C’est dans une atmosphère de profonde émotion et de recueillement national que le Mali a fait ses derniers adieux, ce jeudi 30 avril, au Général de corps d’armée Sadio Camara.
Le ministre de la Défense et des Anciens combattants, pilier central de la transition, a été honoré à travers des obsèques nationales dignes de nom, après avoir succombé à ses blessures suite à l’attaque terroriste d’une rare violence ayant visé sa résidence à Kati le week-end dernier.
Le monument de la place d’armes de Genie militaire de Kati n’avait jamais paru aussi solennel. Autour de la dépouille du Général Sadio Camara, drapée dans les couleurs nationales (Vert, Jaune, Rouge), se trouvait l’ensemble du sommet de l’État, avec à sa tête le Général Assimi Goïta, président de la transition.

Le visage marqué, le Chef de l’État a salué la mémoire d’un « frère d’armes exemplaire » et d’un « stratège infatigable » qui aura consacré sa vie à la souveraineté retrouvée du Mali.
L’attaque qui a coûté la vie au Général Camara s’est produite dans la nuit de samedi à dimanche. Des groupes armés terroristes ont mené une incursion audacieuse contre son domicile privé dans la garnison de Kati, pourtant réputée être le cœur sécurisé du pouvoir. Malgré une riposte héroïque de sa garde rapprochée, le haut gradé a été mortellement touché.
Sadio Camara n’était pas seulement un ministre ; il était considéré comme l’un des principaux architectes de la montée en puissance des Forces Armées Maliennes (FAMA) et le grand artisan de la diversification des partenariats militaires du pays, notamment avec la Russie.

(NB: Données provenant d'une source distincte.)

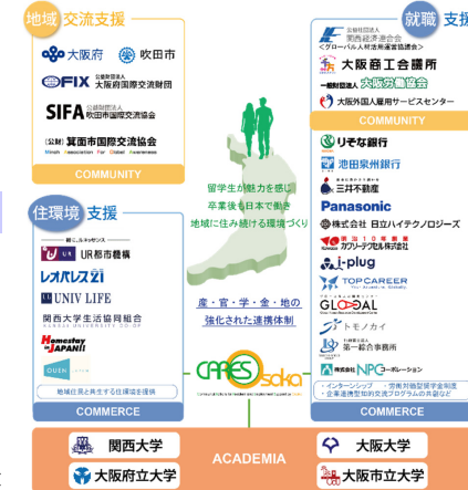
CARES-Osakaの概念図 (2016年12月現在)

CARES (Communal Actions for Resident and Employment Support) by Osaka
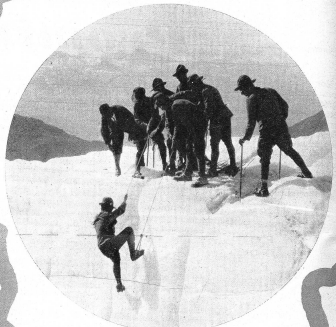
Grenzwachter im Planfondrietal an einem Geirler Grenzbergang
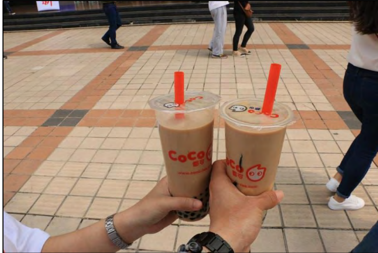
圖 14 北京難得的臺灣味道（味道真的完全一樣！）

Lors de l’oraison funèbre, les témoignages se sont succédés pour souligner la rigueur et l’humilité de l’homme. « Il est tombé les armes à la main, là où il a commencé sa carrière, au Prytanée militaire de Kati. C’est un symbole de fidélité à ses racines et à son engagement », a déclaré un proche collaborateur, la voix brisée par l’émotion.
Dans les rues de Bamako, de nombreux citoyens ont suivi la cérémonie sur des écrans géants, arborant des portraits du défunt. Ce vibrant hommage national témoigne de la place prépondérante qu’occupait Sadio Camara dans le cœur des Maliens qui voyaient en lui l’espoir d’un retour définitif à la paix.
Quel avenir pour la transition ?

Si l’heure est au deuil, la question de l’après-Camara se pose déjà avec insistance. Sa disparition laisse un vide immense au sein de l’appareil sécuritaire et diplomatique de la transition. Toutefois, le gouvernement a réaffirmé sa détermination à poursuivre l’œuvre du défunt Général. « Sa mort ne nous fera pas reculer, elle renforce notre volonté de libérer chaque centimètre carré de notre territoire », a martelé le premier ministre, chef du gouvernement.

Le Général Sadio Camara repose désormais au cimetière de Kati, laissant derrière lui une armée en pleine mutation et un pays qui, malgré la douleur, semble plus que jamais déterminé à faire bloc contre la menace djihadiste.